1 DS|A / day: Topological sort
Tue Nov 21 2023
- Time complexity:
O(v+e)
- Space complexity:
O(v)
- Uses
- Sorting a graph
- Finding the longest paths in a graph
- Finding cycles in a graph
- Converting a graph into a tree
- Doing DP on a graph
- Resources
Given a directed acyclic graph, topological sort orders the nodes, so that every edge leads from a node with a small index to a node with a larger one.
This can only happen when there are no cycles in the graph (graph must be acyclic).
Most usefully, if we topologically sort a graph, then we can perform dynamic programming on the graph because the topological
order guarantees for each edge u->v
we process u
before v
. We can save the state of each node and use it for its children.
For example, for finding the longest path in a graph. The longest path ending at some node v
is the longest path ending at u
(+1) if an edge from u->v
exists.
The base case is 1 if v
has no incoming edges.
Here for node 3, there are two parents (0, 1). Longest path ending at node 3 = max(longest[0], longest[1])
. Which
we can only do once we know node 3's parents have already been fully processed.
BFS
Find all the indegrees of all the nodes. Add all the nodes with indegrees 0 to a queue. Then while there are items in the queue, get the next node off the queue, and decrease the indegree of its children. This is equivalent to removing those edges. If any children reach indegree=0, add the child to the queue.
For example:
If there are still any nodes with >0 indegree, there is a cycle.
At each step, we are only processing nodes with no remaining incoming edges. So the order we process the nodes will be a topological sort.
Topological orderings are not unique. Above, we could have visited 3 instead of 4 first, to produce a different valid ordering.
DFS
We'll need a stack for DFS. We call DFS for every node in the graph that hasn't been seen yet.
DFS will try to traverse all edges outgoing from a node not yet seen. So by the time a call dfs(u)
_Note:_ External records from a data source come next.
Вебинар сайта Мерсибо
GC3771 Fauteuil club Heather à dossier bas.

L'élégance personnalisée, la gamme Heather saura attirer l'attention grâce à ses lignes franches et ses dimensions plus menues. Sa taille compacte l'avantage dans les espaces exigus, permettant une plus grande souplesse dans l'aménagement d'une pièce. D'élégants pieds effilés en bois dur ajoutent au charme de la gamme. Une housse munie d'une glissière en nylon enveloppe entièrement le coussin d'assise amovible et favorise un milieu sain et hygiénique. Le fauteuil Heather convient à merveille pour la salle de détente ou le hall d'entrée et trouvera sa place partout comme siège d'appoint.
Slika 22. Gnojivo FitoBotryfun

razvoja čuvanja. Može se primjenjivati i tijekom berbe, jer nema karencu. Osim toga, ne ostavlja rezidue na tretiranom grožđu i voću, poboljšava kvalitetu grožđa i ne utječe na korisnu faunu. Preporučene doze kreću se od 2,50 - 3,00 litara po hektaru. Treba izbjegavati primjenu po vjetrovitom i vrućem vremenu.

has finished, all vertices reachable
from u
will already have been visited. Then we put u
onto the stack. Any nodes reachable from u
will be below it (already) in the stack.
This is kind of like a postordering, representing a reversed topological order.
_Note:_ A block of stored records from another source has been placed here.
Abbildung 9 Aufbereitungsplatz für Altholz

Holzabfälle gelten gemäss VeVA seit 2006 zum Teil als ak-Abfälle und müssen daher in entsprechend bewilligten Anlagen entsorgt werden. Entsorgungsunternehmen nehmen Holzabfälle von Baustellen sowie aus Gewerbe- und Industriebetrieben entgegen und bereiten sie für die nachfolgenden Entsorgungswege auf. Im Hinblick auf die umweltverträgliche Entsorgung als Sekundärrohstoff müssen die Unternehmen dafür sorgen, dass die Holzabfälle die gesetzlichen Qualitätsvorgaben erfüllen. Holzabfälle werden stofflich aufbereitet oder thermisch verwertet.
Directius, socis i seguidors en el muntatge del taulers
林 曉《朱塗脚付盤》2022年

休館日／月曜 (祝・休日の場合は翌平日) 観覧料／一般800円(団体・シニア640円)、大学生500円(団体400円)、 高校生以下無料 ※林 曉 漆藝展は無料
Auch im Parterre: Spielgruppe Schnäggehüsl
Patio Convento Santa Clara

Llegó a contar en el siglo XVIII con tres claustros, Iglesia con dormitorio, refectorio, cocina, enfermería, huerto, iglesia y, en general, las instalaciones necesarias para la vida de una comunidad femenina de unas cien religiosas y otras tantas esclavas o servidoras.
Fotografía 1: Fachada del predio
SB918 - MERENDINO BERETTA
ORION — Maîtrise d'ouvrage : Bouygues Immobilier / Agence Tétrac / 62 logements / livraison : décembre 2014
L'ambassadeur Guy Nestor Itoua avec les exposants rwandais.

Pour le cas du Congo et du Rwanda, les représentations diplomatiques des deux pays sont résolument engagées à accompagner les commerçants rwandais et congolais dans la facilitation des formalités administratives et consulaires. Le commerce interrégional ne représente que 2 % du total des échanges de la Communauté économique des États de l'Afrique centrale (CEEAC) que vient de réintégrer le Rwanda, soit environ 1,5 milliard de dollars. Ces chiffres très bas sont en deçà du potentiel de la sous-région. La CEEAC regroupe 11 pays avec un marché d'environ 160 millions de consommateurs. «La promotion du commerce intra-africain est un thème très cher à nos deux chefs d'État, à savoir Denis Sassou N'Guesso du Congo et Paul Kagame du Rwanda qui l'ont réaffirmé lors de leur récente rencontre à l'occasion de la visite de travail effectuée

Afterwards, we can pop nodes off the stack for a forward topological ordering.
To detect cycles, we can colour nodes, and mark them as white (unvisited), grey (visiting - currently exploring descendants), or black (visited - done).
Mark a node as visiting
at the start of the DFS, and visited
at the end of the DFS. If we see another visiting
node
during the DFS, then we know there is a cycle.